The Geometry of Musical Rhythm: What Makes a "Good" Rhythm Good?
- First edition
- Author: Godfried Toussaint
- Language: English
- Publisher: Chapman & Hall/CRC
- Publication date: 2013

= The Geometry of Musical Rhythm =

2013 book by Godfried Toussaint

The Geometry of Musical Rhythm: What Makes a "Good" Rhythm Good? is a book on the mathematics of rhythms and drum beats. It was written by Godfried Toussaint, and published by Chapman & Hall/CRC in 2013 and in an expanded second edition in 2020. The Basic Library List Committee of the Mathematical Association of America has suggested its inclusion in undergraduate mathematics libraries.

==Author==
Godfried Toussaint (1944–2019) was a Belgian–Canadian computer scientist who worked as a professor of computer science for McGill University and New York University. His main professional expertise was in computational geometry, but he was also a jazz drummer, held a long-term interest in the mathematics of music and musical rhythm, and since 2005 held an affiliation as a researcher in the Centre for Interdisciplinary Research in Music Media and Technology in the Schulich School of Music at McGill. In 2009 he visited Harvard University as a Radcliffe Fellow in advancement of his research in musical rhythm.

==Topics==
In order to study rhythms mathematically, Toussaint abstracts away many of their features that are important musically, involving the sounds or strengths of the individual beats, the phasing of the beats, hierarchically-structured rhythms, or the possibility of music that changes from one rhythm to another. The information that remains describes the beats of each bar (an evenly-spaced cyclic sequence of times) as being either on-beats (times at which a beat is emphasized in the musical performance) or off-beats (times at which it is skipped or performed only weakly). This can be represented combinatorially as a necklace, an equivalence class of binary sequences under rotations, with true binary values representing on-beats and false representing off-beats. Alternatively, Toussaint uses a geometric representation as a convex polygon, the convex hull of a subset of the vertices of a regular polygon, where the vertices of the hull represent times when a beat is performed; two rhythms are considered the same if the corresponding polygons are congruent.

Polygonal representation of the tresillo rhythm

As an example, reviewer William Sethares (himself a music theorist and engineer) presents a representation of this type for the tresillo rhythm, in which three beats are hit out of an eight-beat bar, with two long gaps and one short gap between each beat. The tresillo may be represented geometrically as an isosceles triangle, formed from three vertices of a regular octahedron, with the two long sides and one short side of the triangle corresponding to the gaps between beats. In the figure, the conventional start to a tresillo bar, the beat before the first of its two longer gaps, is at the top vertex, and the chronological progression of beats corresponds to the clockwise ordering of vertices around the polygon.
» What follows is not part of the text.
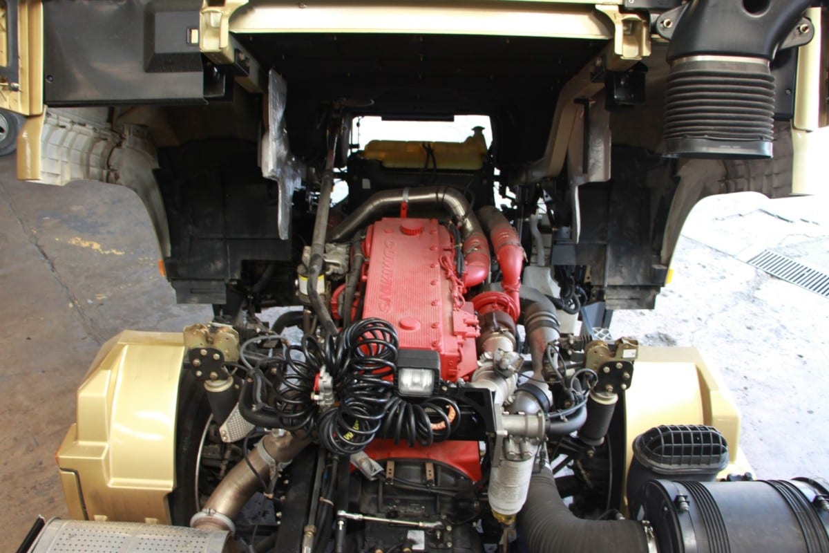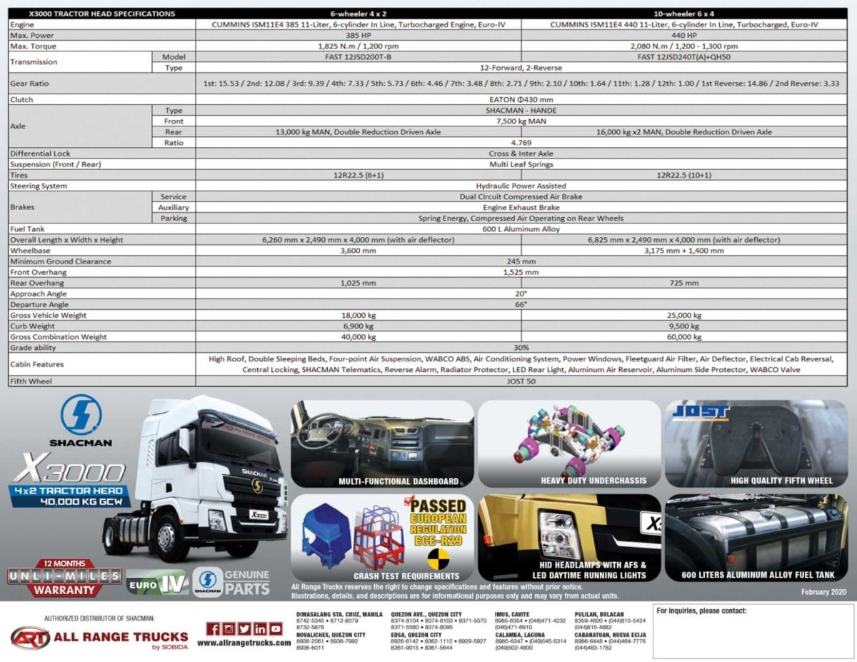 Shacman X3000 SX42564W324C 11-liter CUMMINS ISM CELECT 6-cylinder turbocharged Euro-4 Diesel engine, 440 horsepower, 2,080 N-m/1,200-1,300 rpm torque, 12-speed manual transmission, 10-wheeler 6×4 rear wheel drive, 600 liter aluminum fuel tank, 430 mm diameter EATON clutch, SHACMAN-Hande Axles, 12R22.5 (10+1) tires with rim trim cover, multi-leaf spring suspension, WABCO braking technology, length: 6,825 mm, width: 2,490 mm, height: 4,000 mm, wheelbase: 3,175 mm + 1,400 mm, Gross Vehicle Weight: 25,000 kgs, Curb Weight: 9,500 kgs, Gross Combination Weight: 60,000 kgs, high roof, double sleeping beds, four-point air suspension, air conditioning system, Grammer air suspension driver seat, Jost fifth wheel, Fleetguard air filter, HID headlamps with Adaptive Front Lighting System with LED Daytime Running Lamps, electrical cab reversal, central door locks, Cruise Control, electric heater side mirrors, SHACMAN telematics, WABCO Antilock Braking System (ABS), WABCO valve, Aluminum Air Reservoir, Aluminum Side Protector; 12-months unlimited mileage new vehicle warranty.

The book uses this method to study and classify existing rhythms from world music, to analyze their mathematical properties (for instance, the fact that many of these rhythms have a spacing between their beats that, like the tresillo, is near-uniform but not exactly uniform), to devise algorithms that can generate similar nearly uniformly spaced beat patterns for arbitrary numbers of beats in the rhythm and in the bar, to measure the similarity between rhythms, to cluster rhythms into related groups using their similarities, and ultimately to try to capture the suitability of a rhythm for use in music by a mathematical formula.

==Audience and reception==
Toussaint has used this book as auxiliary material in introductory computer programming courses, to provide programming tasks for the students. It is accessible to readers without much background in mathematics or music theory, and Setheres writes that it "would make a great introduction to ideas from mathematics and computer science for the musically inspired student". Reviewer Russell Jay Hendel suggests that, as well as being read for pleasure, it could be a textbook for an advanced elective for a mathematics student, or a general education course in mathematics for non-mathematicians. Professionals in ethnomusicology, music history, the psychology of music, music theory, and musical composition may also find it of interest.

Despite concerns with some misused terminology, with "naïveté towards core music theory", and with a mismatch between the visual representation of rhythm and its aural perception, music theorist Mark Gotham calls the book "a substantial contribution to a field that still lags behind the more developed theoretical literature on pitch". And although reviewer Juan G. Escudero complains that the mathematical abstractions of the book misses many important aspects of music and musical rhythm, and that many rhythmic features of contemporary classical music have been overlooked, he concludes that "transdisciplinary efforts of this kind are necessary". Reviewer Ilhand Izmirli calls the book "delightful, informative, and innovative". Hendel adds that the book's presentation of its material as speculative and exploratory, rather than as definitive and completed, is "exactly what [mathematics] students need".